Wierność Jezusa!

„Dlatego, bracia święci, uczestnicy niebieskiego powołania, zwróćcie uwagę na Apostoła i Najwyższego Kapłana naszego wyznania, Chrystusa Jezusa; Wiernego temu, który go ustanowił, podobnie jak Mojżesz był w całym jego domu. Tym większej bowiem chwały jest on godzien od Mojżesza, im większą cześć od domu ma jego budowniczy. Bo każdy dom jest przez kogoś zbudowany, lecz tym, który wszystko zbudował, jest Bóg. I Mojżesz wprawdzie był wierny w całym jego domu jako sługa, na świadectwo tego, co potem miało być powiedziane; Lecz Chrystus jako syn panuje nad swoim domem. Jego domem my jesteśmy, jeśli tylko ufność i chwalebną nadzieję aż do końca niewzruszenie zachowamy.” (Hebrajczyków 3,1-6)

Co wspaniały sposób na rozpoczęcie kazania: „Zwróćcie uwagę na Jezusa”. Jezus jest Alfą i Omegą, On jest wszystkim, czego potrzebujemy. Nasza wiara nie opiera się na religii ani ceremoniach, lecz na Jezusie jako naszym Apostole i Najwyższym Kapłanie. Kogo jeszcze potrzebujemy oprócz Jezusa?!

Bóg ustanowił Jezusa odpowiedzialnym za nas. Czy potrafimy to sobie uświadomić? Bóg powierzył Jezusowi odpowiedzialność za nasze zbawienie. Tak jak Mojżesz był odpowiedzialny za lud Izraela przez 40 lat, tak Jezus odpowiada za nasze bezpieczne przejście do Ziemi Obiecanej. I tak jak Mojżesz musiał być wierny w swojej odpowiedzialności, tak Jezus będzie wierny w naszej opiece aż wejdziemy do Królestwa.

Autor Listu do Hebrajczyków używa różnych obrazów, aby wyjaśnić związek Jezusa z nami: On jest (1) Posłańcem Bożym, którego powinniśmy słuchać; (2) naszym Najwyższym Kapłanem, przez którego możemy przyjść do Ojca; (3) rządcą domu Bożego, któremu powinniśmy być posłuszni.

Ponieważ Chrystus mieszka w nas jako wierzących, możemy mieć pewność i pełnię nadziei.
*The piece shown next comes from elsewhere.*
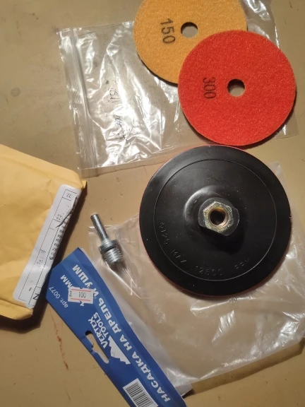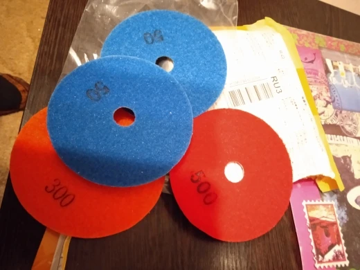 Качественные черепашки для шлифования кафельной плитки. Взял по одной на пробу на 100, 150, 300. И штуку присоску на которую они крепятся на липы. Лучше для каждой черепашки использовать отдельную липучку, т. к. от частой смены насадок качество сцепления лип ухудшится.

Nie zostaliśmy zbawieni przez wytrwałość i mocną wiarę, ale nasza odwaga i nadzieja ukazują, że nasza wiara jest prawdziwa. Potrzebujemy tej trwałej wierności, aby nie zostać porwani przez pokusy, fałszywe nauki ani prześladowania.

Jak powiedział duch Święty: „Dzisiaj, jeśli usłyszycie jego głos; Nie zatwardzajcie waszych serc” (Hebrajczyków 3,7-8)

Wielokrotnie Biblia ostrzega nas, abyśmy nie "zatwardzali" naszych serc. Oznacza to uparcie przeciwstawianie się Bogu, tak że przestajemy szukać u Niego przebaczenia. Izraelici stali się zatwardziałymi, gdy nie posłuchali przykazań Bożych. Uważaj, abyś przestrzegał Słowa Bożego i nie dopuścił, aby Twoje serce stało się zatwardziałe.

Izraelici nie dostąpili wejścia w ziemię obiecaną, ponieważ nie wierzyli w Bożą ochronę i nie wierzyli, że Bóg pomoże im pokonać olbrzymów w ziemi. Bóg skazał ich więc na 40-letnie tułaczki po pustyni. To była smutna alternatywa w miejsce cudownego daru, który Bóg dla nich zaplanował. Brak zaufania wobec Boga zawsze uniemożliwia nam otrzymanie Jego najlepszego.